Nippon Paper Industries, Sumitomo Corporation and Green Earth Institute (“GEI”) agreed to begin trilateral consideration of the first commercial production of cellulosic bioethanol from woody biomass in Japan and its development into bio-chemical products.

Bioethanol is currently attracting attention in countries worldwide striving for carbon-neutral societies as a renewable energy source and as feedstock for biofuels such as SAF and chemicals with low environmental impact.

Accordingly, the three companies will be studying the possibility of starting production of several tens of thousands of kiloliters per year of bioethanol derived from domestic timber at Nippon Paper’s mills in fiscal 2027.

Nippon Paper will accelerate its market entry into the bio-chemical field as a “comprehensive biomass company shaping the future with trees” by quickly establishing mass production technology and a full-scale supply system for wood-based bioethanol of several tens of thousands of kiloliters, utilizing the pulp and paper manufacturing technology it has cultivated over the years in order to help build a decarbonized society and fight against global warming.

Sumitomo Corporation is making multifaceted efforts to develop businesses that will serve as the foundation for a sustainable energy cycle in society, with the aim of making its business activities carbon-neutral by 2050. The company will contribute to this study by consolidating the knowledge and skills of the Sumitomo Corporation Group acquired through various businesses, including the development and deployment of carbon-free energy using hydrogen, ammonia, and next-generation biomass raw fuel gas, and by promoting the use of green chemicals to construct a circular economy.
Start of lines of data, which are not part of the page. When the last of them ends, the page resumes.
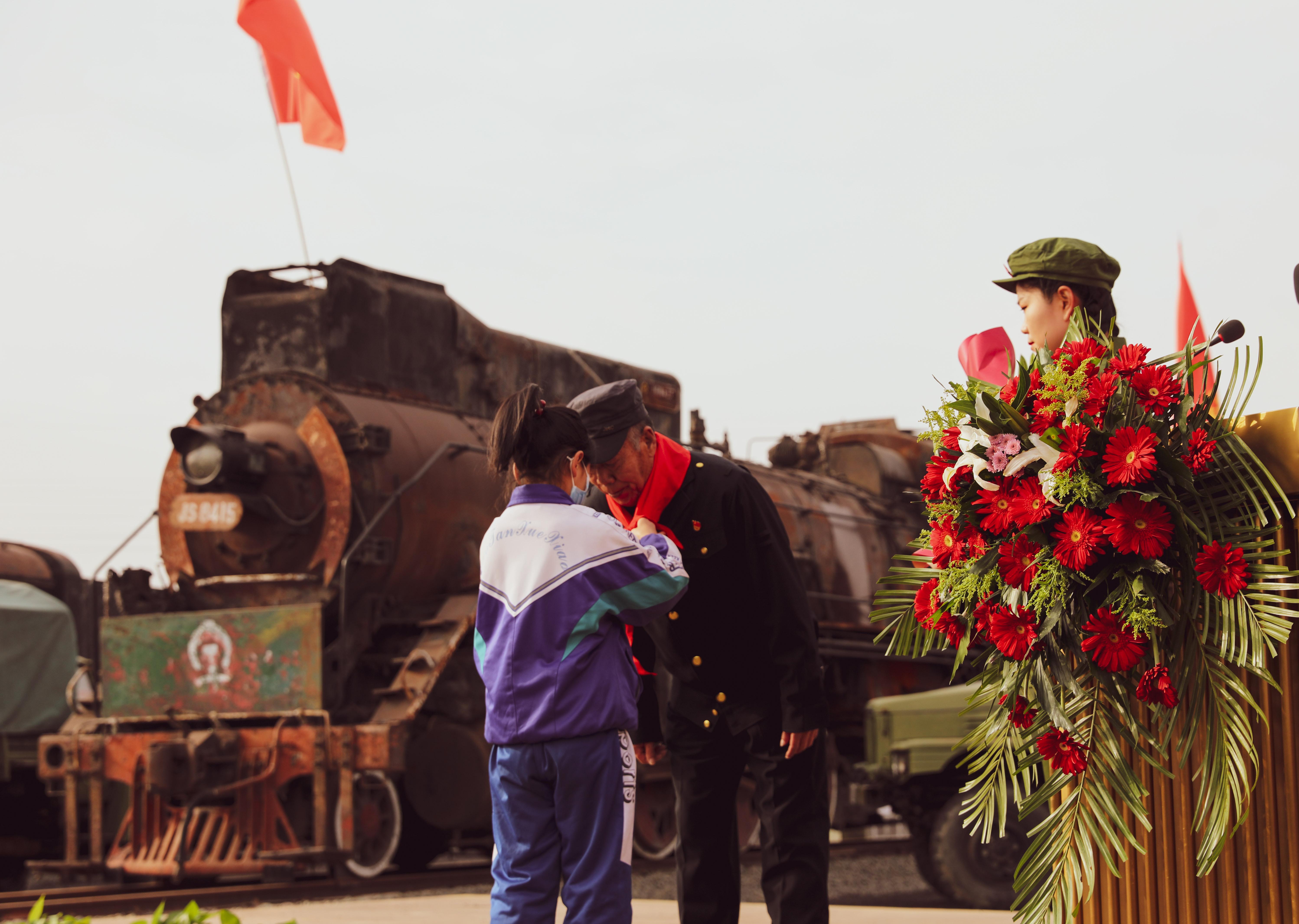 雷鋒號第一任司機(jī)長張鳳武講述了他與雷鋒號的故事,學(xué)生代表為張鳳武佩戴紅領(lǐng)巾并獻(xiàn)上鮮花。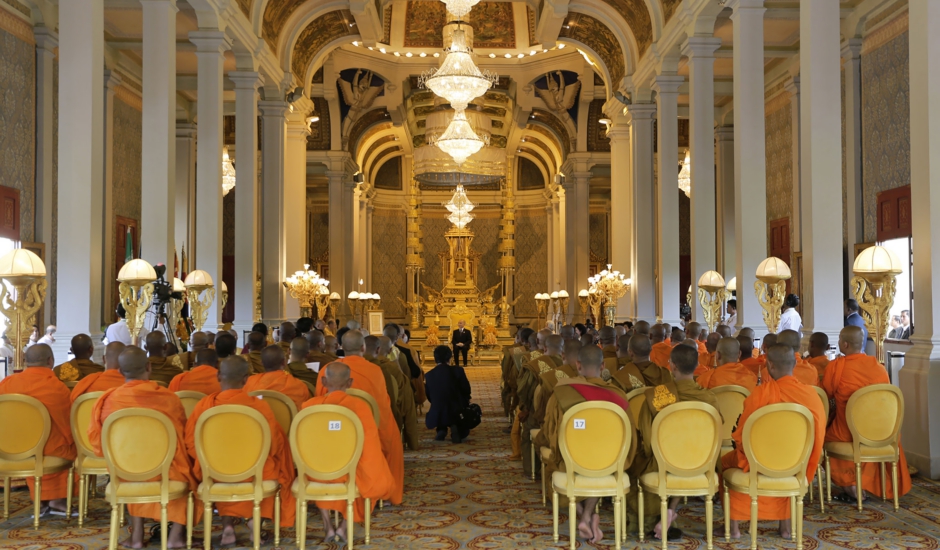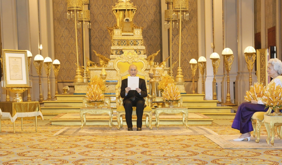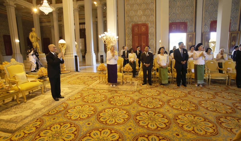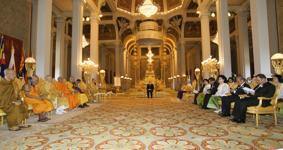 ノロドム・モニーク皇太后陛下が見守る中 宮殿 玉座にて御挨拶をされる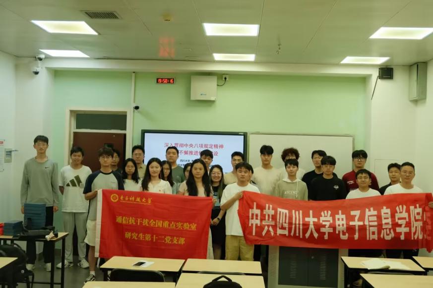 为进一步贯彻落实中央八项规定精神,推进作风建设常态化长效化,加强支部间交流,2025年6月23日晚,中共bat365在线体育登录信息与通信专业研究生第三党支部与电子科技大学通信抗干扰全国重点实验室研究生党支部在四川大学基教楼A302联合举办了“深入贯彻中央八项规定精神学习教育联合党日活动”。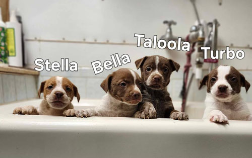 4 pups -- Stella, Bella, Taloola, Turbo -- Heeler mix, boys and girls about 8 weeks old. ready for new homes.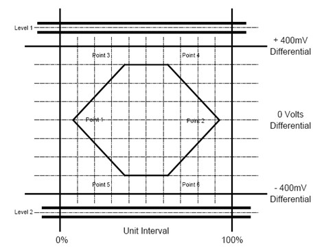 本次測(cè)試將主要驗(yàn)證產(chǎn)品上兩個(gè)USB高速主機(jī)接口的眼圖。對(duì)于USB2.0物理層的眼圖測(cè)試,USB IF在USB2.0 SPEC中有著明確的眼圖模板定義如下: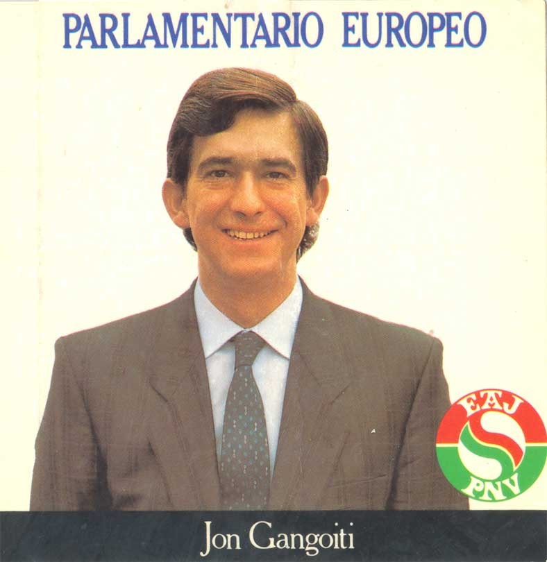 Pegatina con la leyenda "Parlamentario Europeo Jon Gangoiti EAJ PNV". Donada por Amaia Agirre y conservada en el Museo del Nacionalismo Vasco.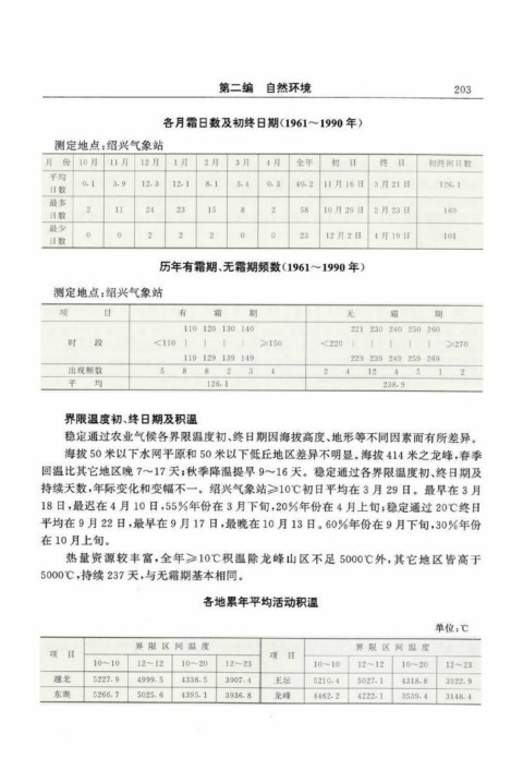 持续天数,年际变化和变幅不一。绍兴气象站≥10℃初日平均在3月29日。最早在3月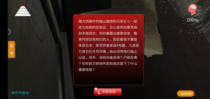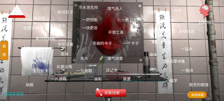 100%通关打卡刺激!生死48秒钥匙位置随机刷新 但是刷点只有几个位置1.花洒盖子里2.冲水马桶里3.肥皂上4.拖鞋旁的下水道里5.洗手池的扣里有些线索只有带上周芳的眼镜才可以看到:七步诗、王七关联线索:开锁工具=弯曲的卡子+一个卡子+王七兽化的人=冷水泡生肉+一盆水茉莉危险=写废的纸+日记第五页杜翠兰要杀我=煤气杀人+秘密指示内鬼=写废的纸+争斗痕迹+指纹女心医师会=日记第五页+奇怪标志成瘾=烧瓶+实验器皿+杯子+机密文件可怜的王七=王七牌位+注射剂+一张纸+七步诗+兽化的人+日记第五页王七之死=未知命案+病理报告+成瘾+日记第三页真相=方婷婷的手信+俄罗斯套娃+未知命案+内鬼+日记1到5页祝各位游戏愉快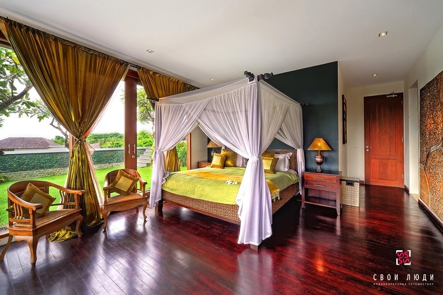 Шикарная вилла на Бали радует своих отдыхающих великолепным панорамным видом и возможностью приятно отдохнуть в ее стенах. Гости могут провести тихий вечер в большой беседке, которая окружена чудным прудом с черепахами и декоративными рыбками. Можно насладиться солнечными лучами в шезлонгах с зонтиками на террасе у переливного бассейна, площадь которого 15х3 м. Уютно и в просторной гостиной с панорамными раздвижными дверями. Замечательная лужайка, вид на окружающие красоты способствуют душевному отдыху и моральной разрядке.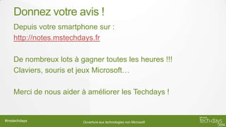 Le document présente des informations sur les TechDays, mettant en avant la participation de Brainsonic, une agence blended, qui propose des solutions cloud, notamment via Azure, pour améliorer l'engagement des utilisateurs avec des expériences connectées. Il décrit également les différentes offres d'hébergement et de gestion des médias, incluant des solutions pour les applications web et les vidéos interactives. En conclusion, il mentionne le succès d'un projet de gestion de contenu utilisé par France24 et d'autres clients.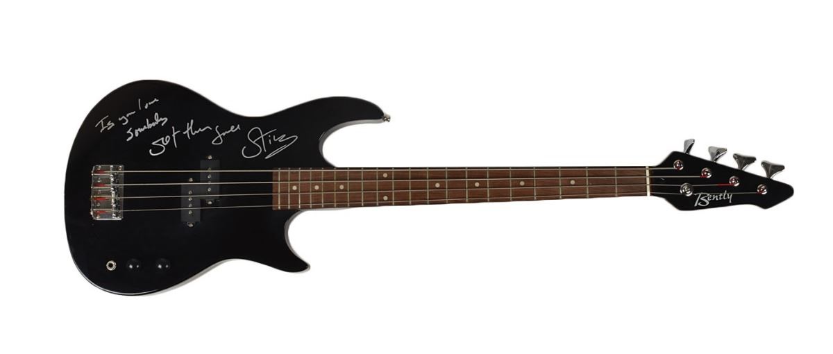 Attractive right-handed Bently black-bodied electric bass guitar, signed on the body in silver ink by Sting, who adds "If you love somebody set them free." ChromaCast gig bag is included. In fine condition.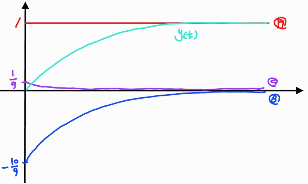 ⇒ y ( t ) = 1 − 10 9 e − t + 1 9 e − 10 t \Rightarrow y(t)=1-\frac{10}{9}e^{-t}+\frac{1}{9}e^{-10t} ⇒ y ( t ) = 1 − 9 1 0 e − t + 9 1 e − 1 0 t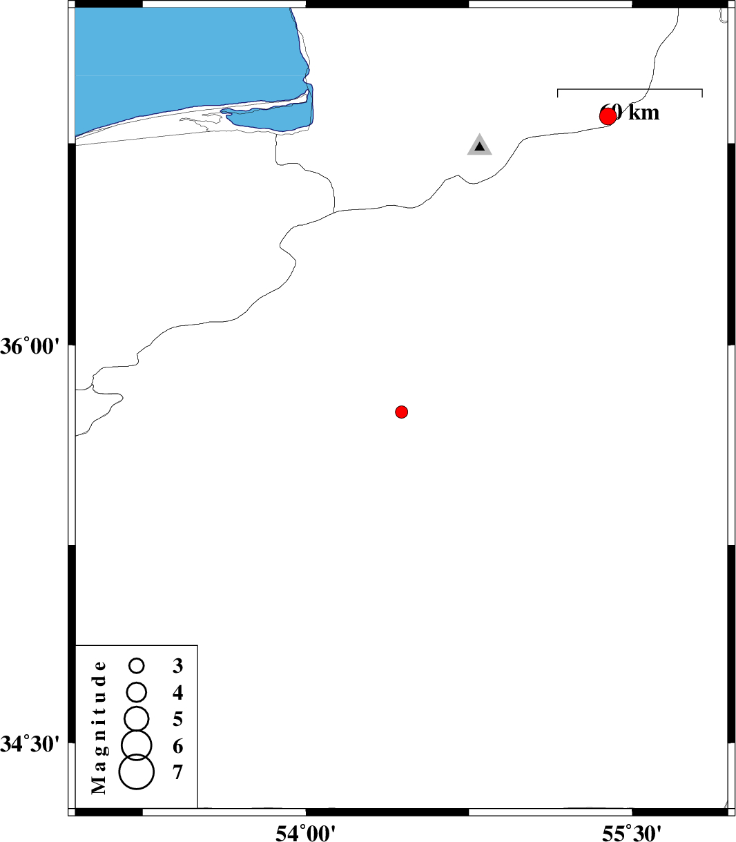 | 2012/02/13 | 15:09:44.6 | 18:39:44.6 | 36.85 | 55.39 | 14 | ML3.5 | Golestan Province, 42 km South of Minodasht |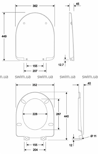 - Сиденье с крышкой твердое, из материала Duroplast, петли металлические M30111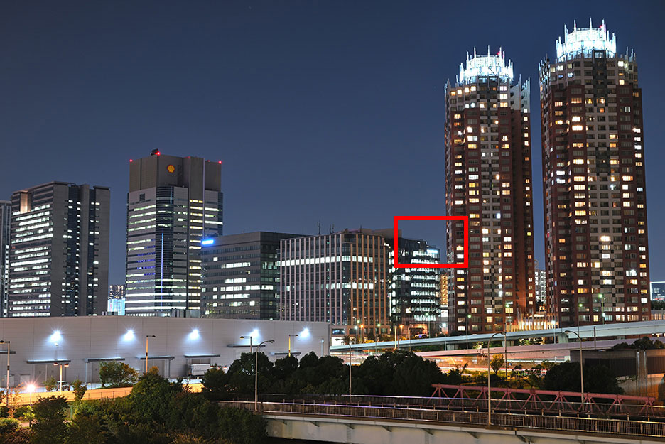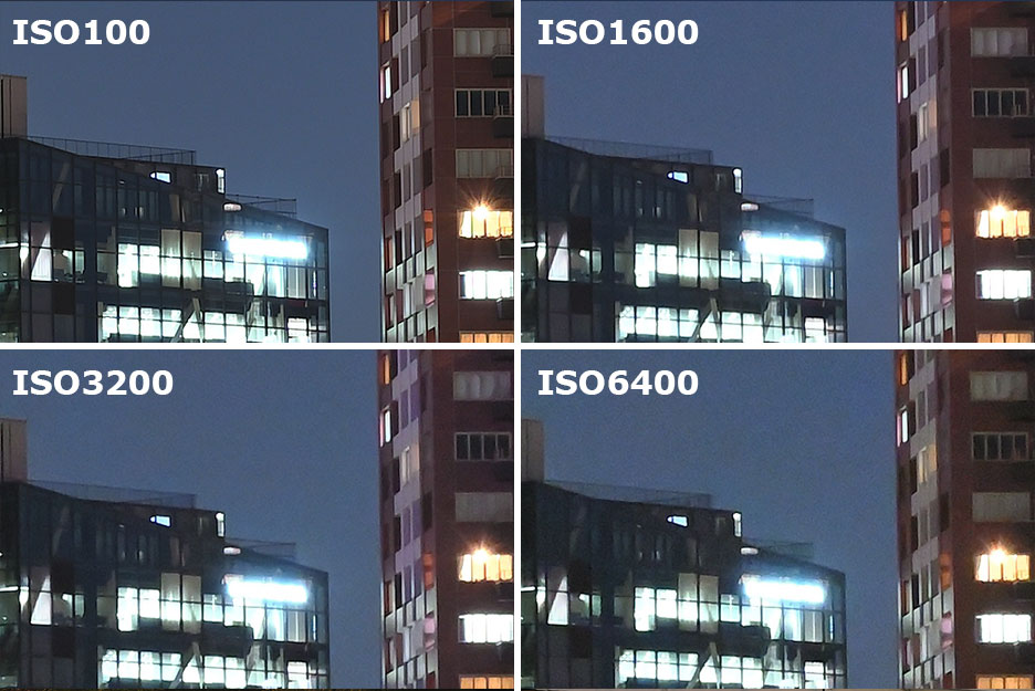 夜景を手持ちで撮影したとき、ISO感度が100ではシャッタースピードが1/1.3秒まで遅くなってしまい手ブレしていますが、ISO 6400まで上げることで1/80秒までシャッタースピードが速くなり、手ブレをふせぐことができました。

GEI will contribute to realizing a decarbonized society as a company “Fostering Green Technology and Walking with the Earth” by utilizing the biorefinery technology it has cultivated to date to establish a commercial production plant for the bioethanol from non-edible biomass of several tens of thousands of kiloliters, a capacity not currently available domestically, and thereby promote the social implementation of bio-manufacturing in Japan.

The three companies will leverage their mutual strengths to realize Japan’s first entirely domestic cellulosic bioethanol commercial plant utilizing domestic timber with the aim of assisting Japan with integrating low-carbon biofuels into society and ensuring its energy security.